A Republican is in the White House. That means it’s time for Republicans to believe that the economy is booming — and Democrats to get pessimistic about it.
The Huffington Post’s Ariel Edwards-Levy has some fun poll results demonstrating exactly how that is happening. Virtually all surveyed Donald Trump voters believe — incorrectly — that the economy added more jobs in 2017 than in 2016. A plurality of Hillary Clinton voters believe the opposite.
Overall, a plurality of people surveyed believe more jobs were created in 2017 than in 2016. But when given a stronger prompt, the picture changes a bit: When people were asked whether more jobs were created in Barack Obama’s last year or in Trump’s first year, the numbers flip, with a narrow plurality crediting Obama.
There are several things going on here.
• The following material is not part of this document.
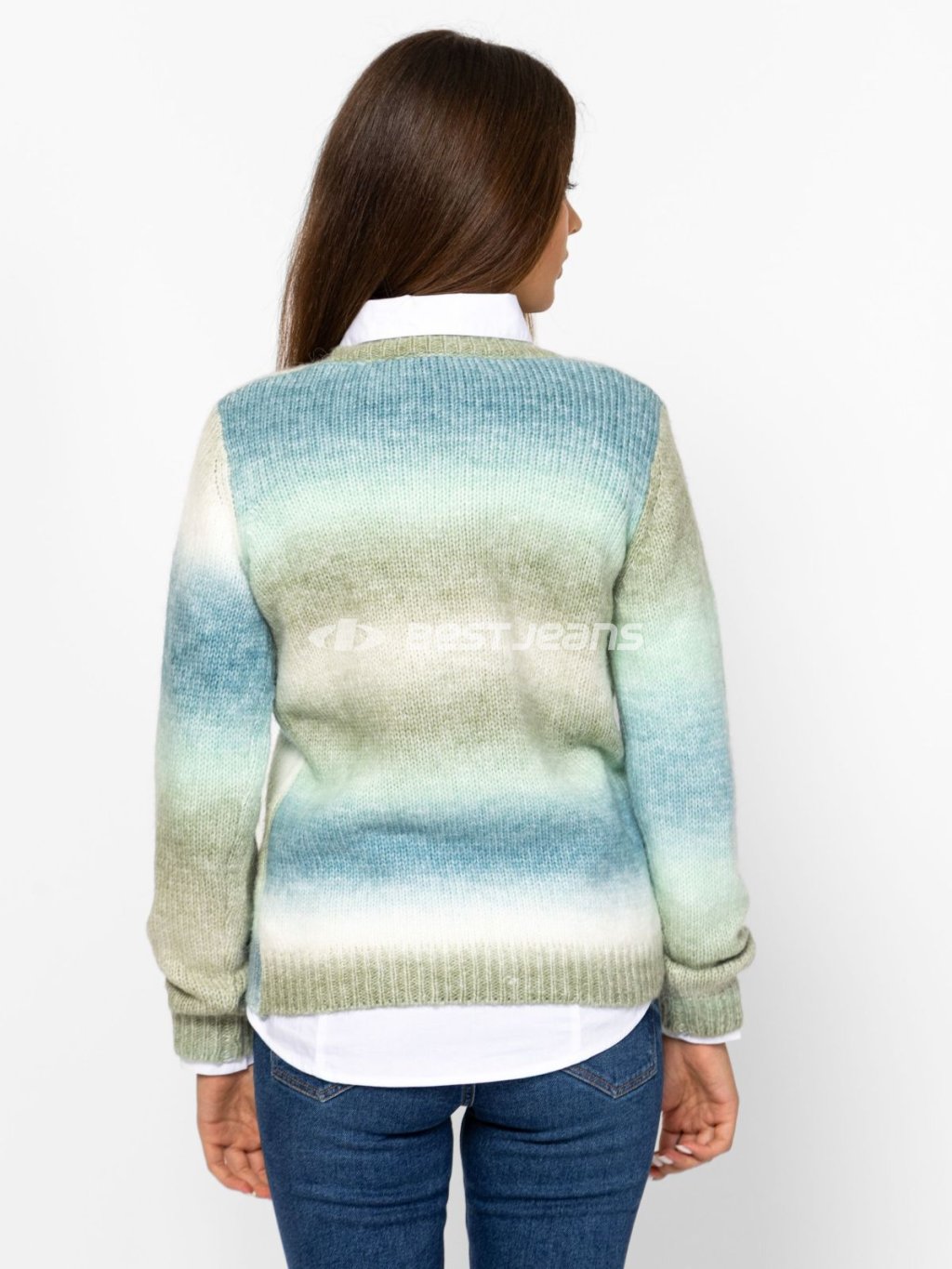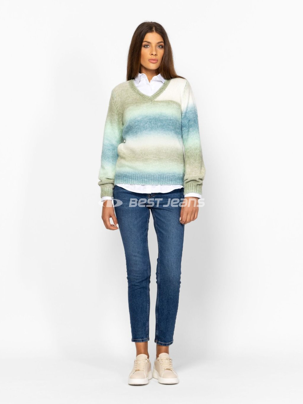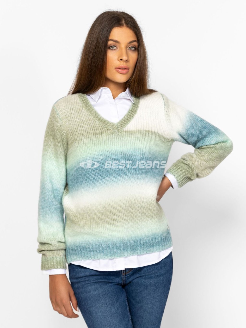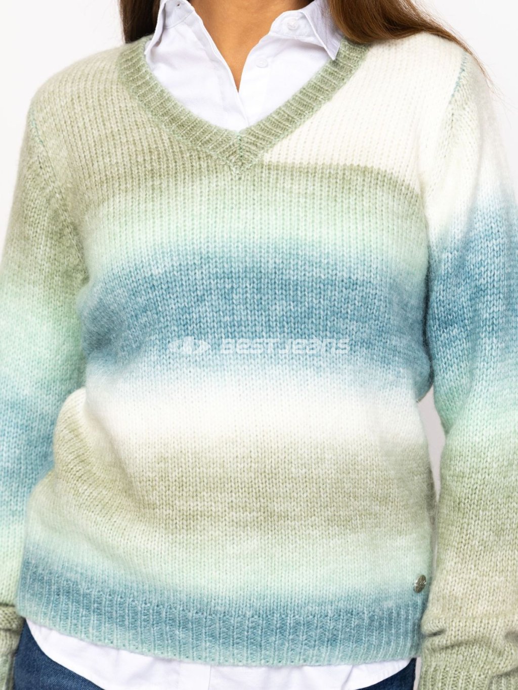Dámsky pletený sveter Heavy Tools rovného střihu s výstřihem do V. Malý kovový štítek s logem na spodní části, barevně blokovaný úplet.

One is that people in general probably believe (correctly) that, overall, 2017 was a better year for the economy, and also may have heard (again, correctly) that the official unemployment rate went down, and concluded (incorrectly) that all the economic and employment news, including newly added jobs, must have gotten better as well.
Another thing is that a stronger partisan prompt has no effect on Trump voters in this case because they don’t need it. It seems likely that Republicans in 2017 were more likely to listen to good economic news and ignore the bad, and since all in all there was more good than bad, they would up thinking everything was good.
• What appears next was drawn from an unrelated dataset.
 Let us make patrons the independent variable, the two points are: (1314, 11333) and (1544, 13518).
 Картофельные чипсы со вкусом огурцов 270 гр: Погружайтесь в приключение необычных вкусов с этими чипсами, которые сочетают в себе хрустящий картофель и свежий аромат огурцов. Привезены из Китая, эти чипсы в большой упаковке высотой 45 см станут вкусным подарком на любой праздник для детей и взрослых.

From 2010 through 2016, as the mild but steady economic recovery chugged along, those same Republicans almost certainly underrated the economy — just as Republicans tended to deny that the U.S. had entered into a recession during the first half of 2008, when George W. Bush was president.
That was an impressive feat of cognitive bias, but it’s not the worst one I know about. Democrats during Ronald Reagan’s presidency somehow convinced themselves that inflation actually rose while that Republican was in the White House. Because Reagan had been elected in large part because of 1970s inflation and few by the end of his term even talked about it, that was a truly impressive feat of partisan cognitive bias.
The good news is that despite all that, economic fundamentals still have an impressive effect on election results, which gives incumbent politicians a strong incentive to lift up the economy (and in the process presumably make people’s lives better), even though partisans will predictably discount a lot of what happens. There are enough true swing voters and weak partisans who will react (more or less) to reality that self-interested politicians will care about reality, too.
Sure, it’s more or less; after all, most people in the survey cited above got the fact wrong. But it’s close enough to make that function of elections reasonably successful.